§ **YOUR OBJECTIVE**
Quote only the span from the first line of the entries to the line containing "After losing a", both ends kept. Leave every picture out.

§ **DATA FOR ANALYSIS**
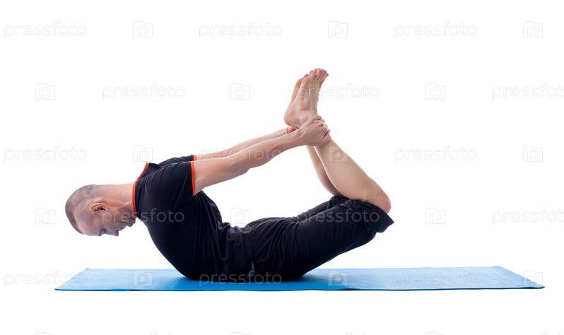 Мужчина средних лет занимается йогой
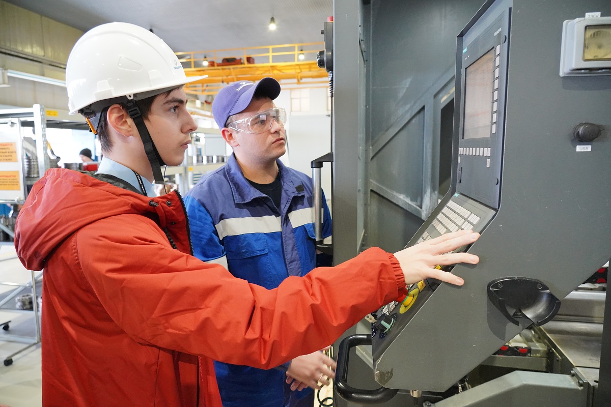 Старшеклассников постарались погрузить в профессию. В ходе экскурсии они примерили средства индивидуальной защиты и попробовали самостоятельно выточить деталь.
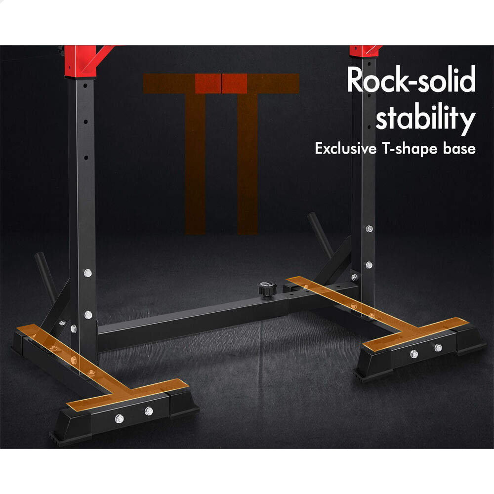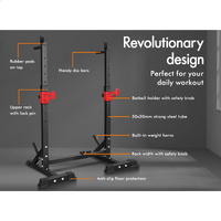 Constructed from quality steel, the squat rack is designed to be durable with 300kg weight capacity and offers rock-solid stability. The gorgeous powder-coated paint job will keep it looking fresh for years to come. Crafted with safety in mind, the rack is also equipped with sturdy rubber feet to keep the metal frame from damaging flooring and to keep the rack in place.
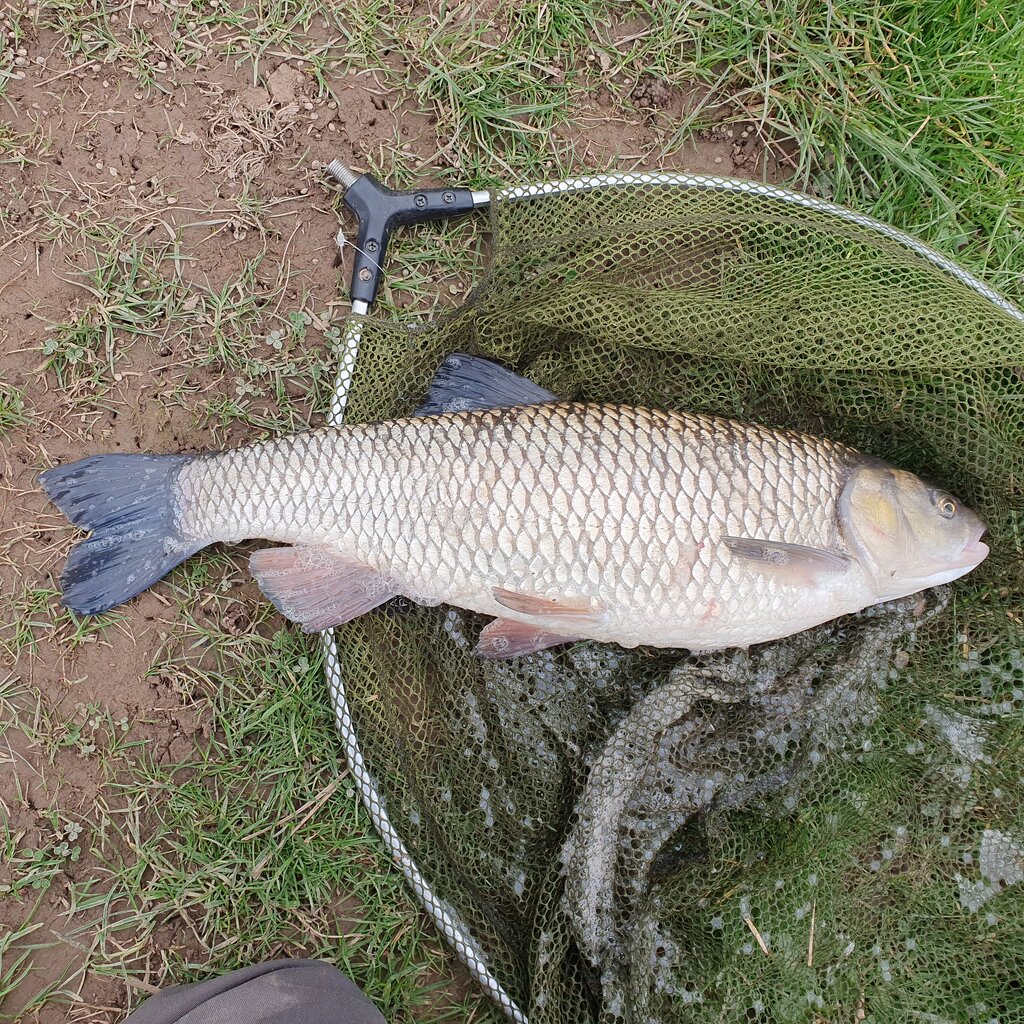 After losing a good chub in a snag on my first cast, I moved downstream and cast near a fallen tree. A few minutes later, I hooked into an angry chub. This time, I pulled hard to keep it from snagging, and when I saw it in the net, I knew it was a good fish. After weighing it at 6.17 pounds, I was thrilled. It's not my PB, but it’s the biggest chub I've caught from that tributary.
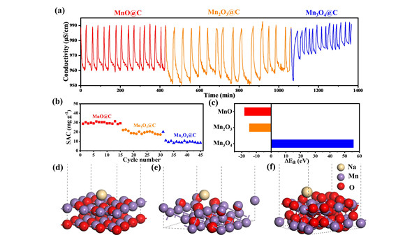 目前,淡水的日益枯竭和分布不均给社会经济发展带来了严峻的挑战。地球总表面积的71%被确定为海水,这是满足人类对饮用水需求的重要、潜在未开发水源,因此海水淡化被认为是一项可以解决淡水短缺问题的具有前景的工程。反渗透和热蒸馏是处理高盐浓度的海水或咸水广泛采用的技术,但这种方法在盐浓度较低的情况下能耗高且成本高。作为一种替代方法,电容去离子技术(CDI)可以通过双电层电吸附或赝电容反应去除离子,使高盐浓度的水脱盐。其中,高价态MnO2(IV)作为CDI中优异的法拉第电极被大量研究,尤其对MnO2不同晶型所表现的脱盐性能差异进行了深入的机理分析,但关于低价锰氧化物的研究鲜有报道。这种不同Mn价态所赋予的电容脱盐性能是否存在差异以及其内在机制值得进一步探讨。
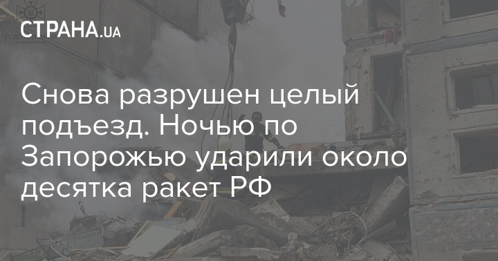 Снова разрушен целый подъезд. Ночью по Запорожью ударили около десятка ракет РФ
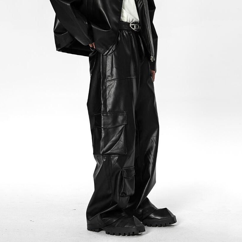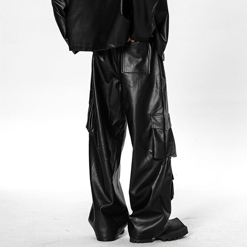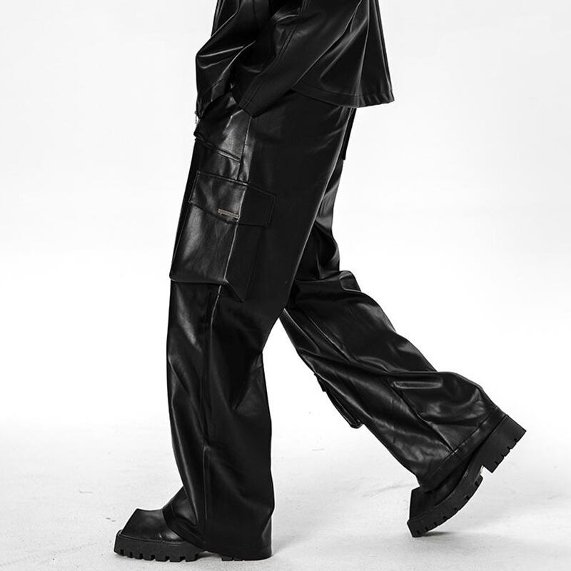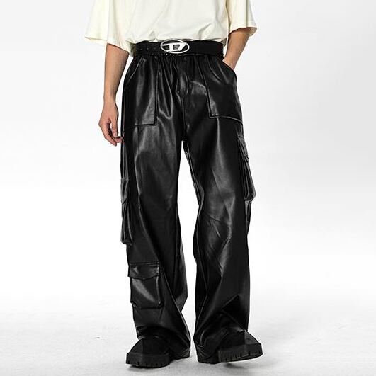 ヒップホップフェイクレザーカーゴパンツ

§ **RESPONSE TO THE EXERCISE**
 Мужчина средних лет занимается йогой
 Старшеклассников постарались погрузить в профессию. В ходе экскурсии они примерили средства индивидуальной защиты и попробовали самостоятельно выточить деталь.
 Constructed from quality steel, the squat rack is designed to be durable with 300kg weight capacity and offers rock-solid stability. The gorgeous powder-coated paint job will keep it looking fresh for years to come. Crafted with safety in mind, the rack is also equipped with sturdy rubber feet to keep the metal frame from damaging flooring and to keep the rack in place.
 After losing a good chub in a snag on my first cast, I moved downstream and cast near a fallen tree. A few minutes later, I hooked into an angry chub. This time, I pulled hard to keep it from snagging, and when I saw it in the net, I knew it was a good fish. After weighing it at 6.17 pounds, I was thrilled. It's not my PB, but it’s the biggest chub I've caught from that tributary.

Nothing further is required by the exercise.